Они и не подозревали, что всем им даны такие же прозвища: одна Фигура Лей знала свое и разрешила так называть себя.

Теперь тонкий ледок, сковывавший сердца, окончательно был сломлен; в огромные окна столовой, наполняя ее ослепительным светом, врывалась сверкающая лазурь небес и яркая синева озера, а когда взор устремлялся вдаль, его успокаивала сочная молодая зелень противоположного берега. Посреди комнаты на круглом столе нежными переливчатыми красками сияли весенние цветы, свет играл на хрустале, — ведь ландфогт, чтобы украсить стол по-праздничному, собрал все, что было лучшего и в его садах и в поставцах его предков. Шесть стульев с высокими спинками были поставлены вокруг стола на таком расстоянии один от другого, что каждый из сотрапезников мог расположиться удобно и без стеснения, видеть и соседа справа и соседа слева и вести с ними приятный разговор. Словом, приглашенных разместили так, словно они владетельные князья, не хватало только отдельного буфета за каждым стулом. Но тем величественнее вырисовывался в глубине зала огромный старинный буфет, уставленный дедовской утварью.

Возле этого буфета, положив на него одну руку, другою упершись в бок, словно полководец перед сражением, стояла Марианна в ярко-красной юбке и черной бархатной кофте; на груди у нее, поверх пышного жабо, висело серебряное распятие, смуглая шея была перетянута ожерельем филигранной работы, на седеющих волосах красовался чепец из куницы. Опоясывавший ключицу белый передник указывал на ее должность. Но из-под черных густых бровей она водила по залу таким властным взглядом, словно была здесь хозяйкой.

Однако внушаемое ею почтение не могло заглушить уже проснувшуюся веселость, и пять женщин, сияя улыбками, разместились за столом по указанию ландфогта. По правую руку он усадил Фигуру Лей, по левую — Аглаю, напротив себя — предмет первого своего увлечения — Саломею, два оставшихся места заняли Барбара и Вендельгард.

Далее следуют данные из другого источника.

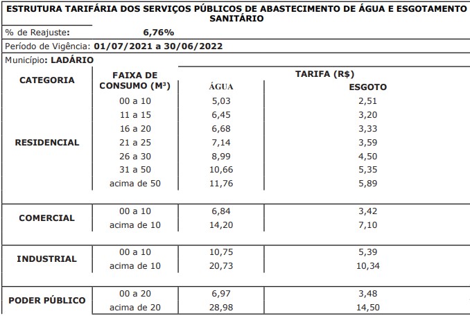 Sendo assim, o valor de 6,76% será incidente sobre os serviços públicos de abastecimento de água e de esgotamento sanitário, calculado com base na variação do IPCA/IBGE de 12 meses (período de maio de 2020 a abril de 2021).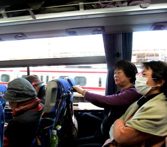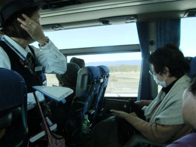 ![]() 伊勢までの時間を使い、車内販売がガイドさんの軽快な話術にはまり良く売れていました(Kinukoさんもお買い上げ) |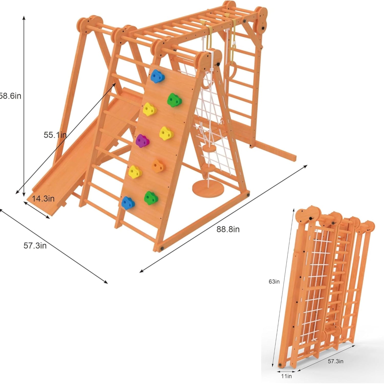 - 8-IN-1 INSIDE & OUTSIDE PLAYSET – This indoor/outdoor jungle gym for toddlers includes a safe toddler slide, monkey bars, ladder, rope ladder, rock climbing wall, flat seat swing, gymnastics rings, and disc seat swing. Dimensions: 59" H x 57" W x 82" L with monkey bars extended (46" L when folded in).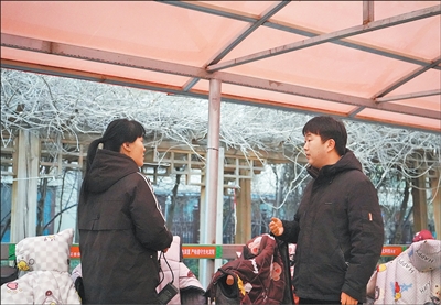 1月5日,河北省曲阳县永宁社区永宁花园小区内,社区干部(右)向居民了解车棚使用情况。 受访者供图 |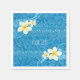 Serviettes de fête d'été Tropical Plumeria bleu fleur. Customisez avec tout texte. Éléments correspondants disponibles.

Теплое, радостное чувство охватило ландфогта, когда он увидел всех их за своим столом, и он тотчас завязал оживленный разговор, искусно обращаясь во все стороны; благодаря этому он мог, не нарушая светских приличий, любоваться всеми ими, глядя, по своей прихоти, то на ближайших своих соседок, то на тех, кто сидел поодаль и насупротив.

Марианна, стоя у буфета, разливала суп; переодетый камеристкой мальчик, сын священника ближнего села, хорошо воспитанный и сметливый, разносил и ставил тарелки. Он имел вид восемнадцатилетней барышни, стыдливо потуплял глаза, когда с ним заговаривали, и в точности следовал всем указаниям Марианны, а сделав то, что ему было велено, молча становился возле двери; но когда ландфогт, подозвав мнимую девушку к себе, ласковым шепотом давал ей какое-нибудь поручение, мигом выполнявшееся, гостьи вновь и вновь с удивлением смотрели на камеристку, о которой никогда не слыхали, и украдкой бросали на нее испытующие взгляды. Впрочем, это не мешало им болтать без умолку; напротив, все громче и веселее становилась застольная беседа, и перезвон, которым восхищался Ландольт, звучал так дружно и радостно, как звучат колокола перед торжественным въездом римского папы.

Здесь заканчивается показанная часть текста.